En la historia política del siglo XX latinoamericano, pocas relaciones fueron tan estratégicas como la que existió entre el gobierno de México —del PRI— y el régimen revolucionario de Fidel Castro en Cuba. Una relación tejida en la discreción, sellada por la simpatía ideológica, pero siempre cuidadosa de las formas ante los ojos de Washington.

Fue en una casa de la colonia Tabacalera, donde se conocieron Fidel Castro y Ernesto “Che” Guevara. Desde ahí, en complicidad con redes políticas y sociales cercanas al nacionalismo revolucionario mexicano, comenzaron los preparativos para emprender lo que parecía una empresa quijotesca: regresar a Cuba, derrocar a Batista y construir una nueva nación.

La preparación incluyó entrenamiento militar en un rancho en Chalco, Estado de México; adquisición de armas y la famosa compra del Granma, desde donde partirían a hacer historia. Pero antes, la policía secreta mexicana detuvo a los rebeldes. Y fue entonces que apareció la figura de Lázaro Cárdenas para interceder y asegurar la liberación de Fidel y sus compañeros.

El gobierno mexicano, por razones diplomáticas obvias, jamás declaró su respaldo abierto a la revolución cubana. Pero lo cierto es que permitió su gestación en suelo nacional. Más aún: facilitó las condiciones para su despliegue. El PRI no sólo fue cómplice pasivo, sino promotor activo de una red de simpatía política que incluyó intelectuales, militares retirados, periodistas y activistas.

Desde entonces, y a pesar del conflicto ideológico que el castrismo representaba para las élites del continente, México mantuvo una relación estrecha con Cuba. Fue el único país de América Latina que no rompió relaciones diplomáticas tras el triunfo de la revolución. Fue también quien votó reiteradamente contra el embargo económico impuesto por Estados Unidos.

El entendimiento era claro: La Habana no respaldaría movimientos armados en México —como sí lo hizo en otros países— y el PRI, en reciprocidad, mantendría una política de apoyo diplomático y logístico al régimen cubano. Fue una especie de respeto entre dos proyectos distintos, pero hermanados en una historia de resistencia latinoamericana.

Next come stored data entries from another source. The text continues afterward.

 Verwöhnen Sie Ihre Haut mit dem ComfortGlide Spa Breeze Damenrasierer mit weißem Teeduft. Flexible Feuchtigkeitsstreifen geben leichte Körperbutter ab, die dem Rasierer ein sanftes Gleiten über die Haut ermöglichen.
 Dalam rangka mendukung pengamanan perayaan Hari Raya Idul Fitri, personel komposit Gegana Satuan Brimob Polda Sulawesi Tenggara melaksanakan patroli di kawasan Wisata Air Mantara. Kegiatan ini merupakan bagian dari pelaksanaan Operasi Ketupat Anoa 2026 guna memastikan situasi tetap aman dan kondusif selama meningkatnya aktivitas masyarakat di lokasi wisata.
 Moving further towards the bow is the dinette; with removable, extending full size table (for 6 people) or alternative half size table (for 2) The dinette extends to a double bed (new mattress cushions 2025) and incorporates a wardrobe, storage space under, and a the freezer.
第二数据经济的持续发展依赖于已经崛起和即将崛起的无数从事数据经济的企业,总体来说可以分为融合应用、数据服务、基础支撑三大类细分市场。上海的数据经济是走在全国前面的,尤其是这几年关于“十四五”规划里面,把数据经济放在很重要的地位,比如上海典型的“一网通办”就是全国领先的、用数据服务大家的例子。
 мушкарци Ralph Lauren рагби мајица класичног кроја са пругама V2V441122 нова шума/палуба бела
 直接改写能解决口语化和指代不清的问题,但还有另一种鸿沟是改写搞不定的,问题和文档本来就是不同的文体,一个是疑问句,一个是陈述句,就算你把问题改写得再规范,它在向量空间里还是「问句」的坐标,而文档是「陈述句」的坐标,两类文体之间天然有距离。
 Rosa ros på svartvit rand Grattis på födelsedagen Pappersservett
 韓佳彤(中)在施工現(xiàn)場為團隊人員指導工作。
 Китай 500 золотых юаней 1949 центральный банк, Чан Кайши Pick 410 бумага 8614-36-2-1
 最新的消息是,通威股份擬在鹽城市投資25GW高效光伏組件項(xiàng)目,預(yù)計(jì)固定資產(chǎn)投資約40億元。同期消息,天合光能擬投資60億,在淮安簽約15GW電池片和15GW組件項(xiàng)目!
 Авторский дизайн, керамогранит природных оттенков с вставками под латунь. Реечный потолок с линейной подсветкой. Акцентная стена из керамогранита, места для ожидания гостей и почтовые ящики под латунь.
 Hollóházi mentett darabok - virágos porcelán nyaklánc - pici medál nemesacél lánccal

Durante los sexenios de Luis Echeverría y Carlos Salinas de Gortari, la relación se intensificó. El primero buscó posicionarse como líder del Tercer Mundo y amigo de los regímenes revolucionarios; el segundo encontró en Cuba un refugio simbólico —y quizás logístico— cuando su figura política cayó en desgracia.

Todo esto cobra vigencia ante la polémica desatada por la alcaldesa de Cuauhtémoc, Alessandra Rojo de la Vega, postulada por el PRI, quien ordenó retirar las estatuas de Fidel y el Che del jardín de la Tabacalera. Lo hizo sin consultar, sin contexto y con evidente afán de protagonismo.

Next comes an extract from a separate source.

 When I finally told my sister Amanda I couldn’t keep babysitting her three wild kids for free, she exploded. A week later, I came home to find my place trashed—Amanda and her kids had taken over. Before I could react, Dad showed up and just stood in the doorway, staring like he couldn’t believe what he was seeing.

Ni la dirigencia del PRI ni sus legisladores han emitido una sola palabra al respecto. Guardan silencio. Tal vez porque saben —aunque no lo digan— que fue precisamente su partido el que abrió las puertas de México al movimiento que cambiaría la historia de América Latina. Un movimiento que, para bien o para mal, encontró en el PRI un aliado inesperado. Eso pienso yo, usted qué opina. La política es de bronce.